第62話:魔王の眷属、不信の槍
お読みいただきありがとうございます!
境界の雪原で、魔導汚染に苦しむ魔族の少女を救った枢。
少女に案内され、二人が辿り着いたのは、吹雪に隠された魔族の隠れ里でした。
しかし、そこで待ち受けていたのは、人間への激しい憎悪を抱く魔族の戦士たち。
「穢れた人間が、我らの聖域に足を踏み入れるな!」
突きつけられる鋭い槍、一触即発の危機。
だが、枢の翡翠眼は、戦士たちの強靭な肉体に隠された「ある異変」を見逃しませんでした。
支溝、陽池……。敵意さえも治療の糧にする、聖鍼師の独壇場。
金曜日の朝、1,900文字超の衝撃展開をどうぞお楽しみください!
魔族の少女――名は「ミナ」という――に導かれ、枢とリナは『断絶の山脈』のさらに奥深く、猛吹雪が作り出した天然の迷宮へと足を踏み入れていた。
先ほど枢が打った霊台の鍼のおかげか、ミナの足取りは驚くほど軽く、先ほどまでの死に体だったことが嘘のようだった。
「……ここ。……わたしたちの、むら」
ミナが指差した先。雪の断崖を抜けると、そこには巨大な結晶体に囲まれた、幻想的な集落が広がっていた。だが、そこを満たしている「気」は、お世辞にも健やかとは言えなかった。
バッ――!!
村の入り口を抜けた瞬間、頭上から三つの影が舞い降り、枢たちの行く手を阻んだ。
それは、ミナよりも一回り以上大きく、漆黒の角を誇示するように突き出した、魔族の戦士たちだった。

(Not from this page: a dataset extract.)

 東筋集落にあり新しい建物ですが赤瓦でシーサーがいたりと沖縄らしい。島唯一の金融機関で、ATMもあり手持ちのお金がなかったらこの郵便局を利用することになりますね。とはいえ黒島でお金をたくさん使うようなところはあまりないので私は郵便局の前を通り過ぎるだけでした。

「……人間か。……なぜ、この地を穢しに現れた。……ミナ、そ奴らに何をされた」
先頭に立つ筋骨隆々の戦士が、魔力の宿った長槍を枢の喉元に突きつける。殺気。それも、帝都の兵士たちとは比べものにならないほど濃密で、暴力的な気の噴出だ。
「やめて、カザン! この人は、わたしの命を救ってくれたの! すごいお医者様なんだよ!」
ミナが必死に庇うが、カザンと呼ばれた戦士の疑念は晴れない。
「……フン、人間の医者だと? ……我ら魔族の体は、人間のような脆弱な肉体ではない。……お前たちの浅ましい薬も、まじないも、我らには毒にしかならぬ。……即刻立ち去れ。さもなくば、その首を氷壁に飾るぞ」
リナが恐怖に身を竦ませる中、枢は突きつけられた槍の穂先を、まるで邪魔な枝を払うかのように指先で軽く押しのけた。

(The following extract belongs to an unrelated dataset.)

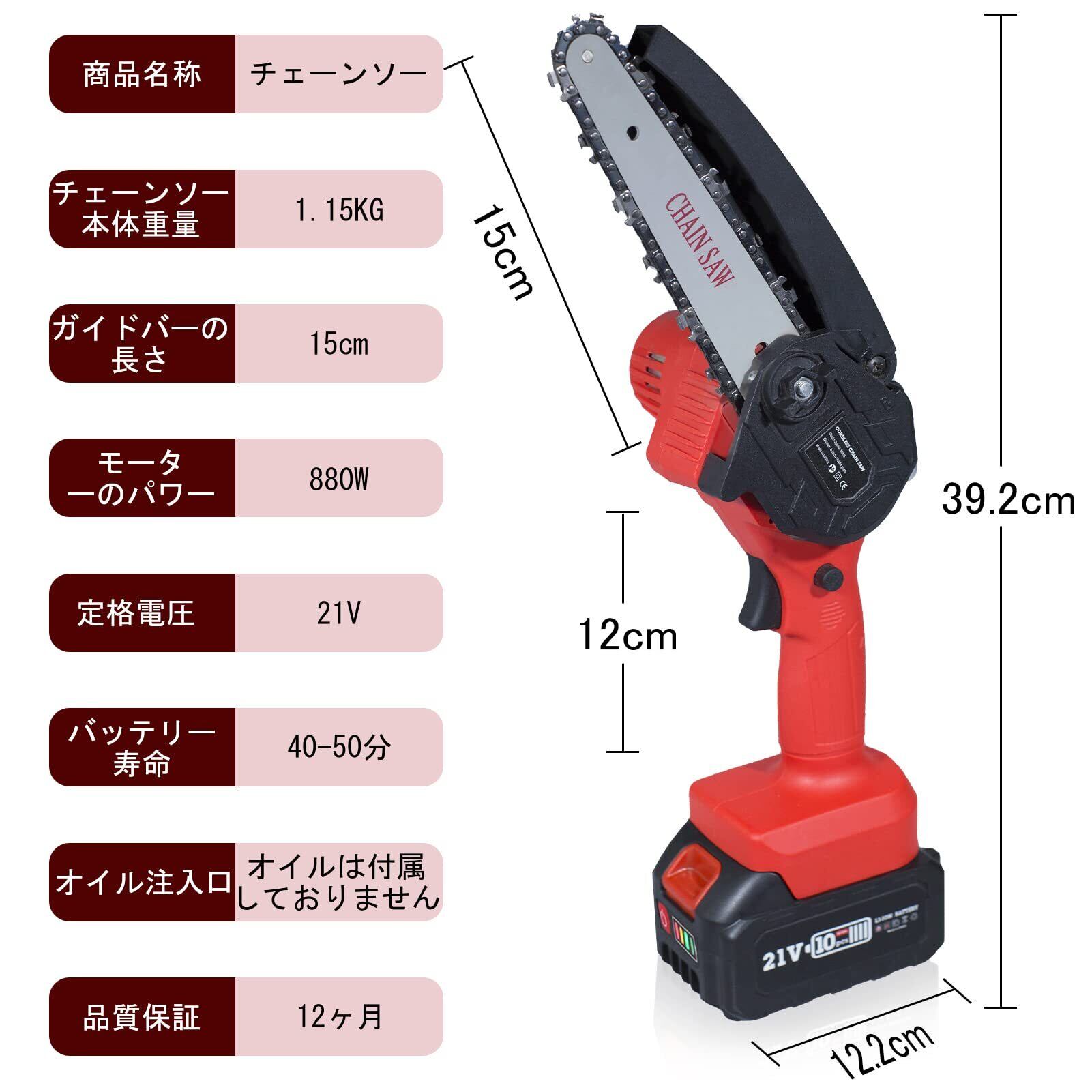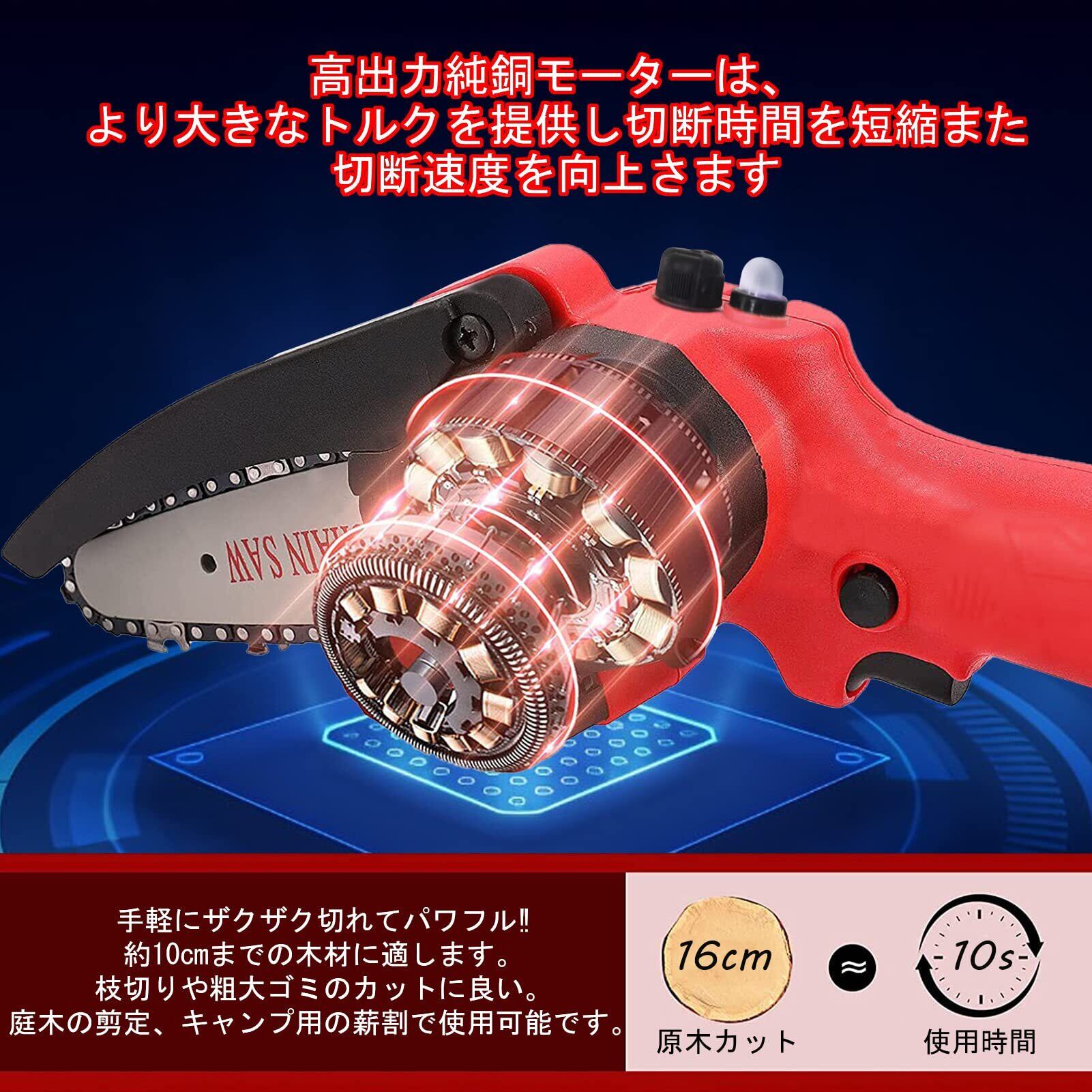 チェーンソー 充電式 21V 3.0Ah大容量バッテリー2個搭載(マキタ バッテリー対応)電動チェーンソー 給油システム 小型チェーンソー LEDバッテリー残量表示 強力 軽量 片手 木工切断、薪作り、園芸設備、枝切り、庭木の剪定、竹の伐採等 充電式チェーンソー 電動のこぎり 日本語取扱説明書付き HQYYDS001 (6インチ)

「……脆弱、ですか。……その言葉、そっくりそのままお返ししましょう。……カザンと言いましたか。……あなたのその槍、先ほどから震えていますよ。……寒さのせいではありませんね?」
「……何だと?」
カザンの眉間に皺が寄る。枢の翡翠眼には、カザンの隆起した筋肉の裏側で、行き場を失った熱気が爆発寸前の火山のように渦巻いているのが見えていた。
「……魔族領の魔導汚染は、帝都よりも深刻だ。……大地の経絡が滞れば、そこに住む強靭なあなた方の体は、その強すぎる魔力を処理しきれず、自らを内側から焼き殺すことになる。……今のあなたの腕、痺れが止まらないはずだ」
「……な、なぜそれを……」
カザンの動揺を見逃さず、枢は一歩踏み込んだ。
「……腕の外側、手首から少し上のあたりが、異常に熱いでしょう。……そこは**『支溝』**。……三焦の気を巡らせ、体内の熱を排出するための重要なバイパスです。……そこが詰まっているから、あなたの気は暴走し、槍を握る握力さえ奪われている」
枢は往診バッグから、これまでとは違う、太く長い「金鍼」を取り出した。魔族の強靭な皮膚を貫くために、彼は密かに用意していたのだ。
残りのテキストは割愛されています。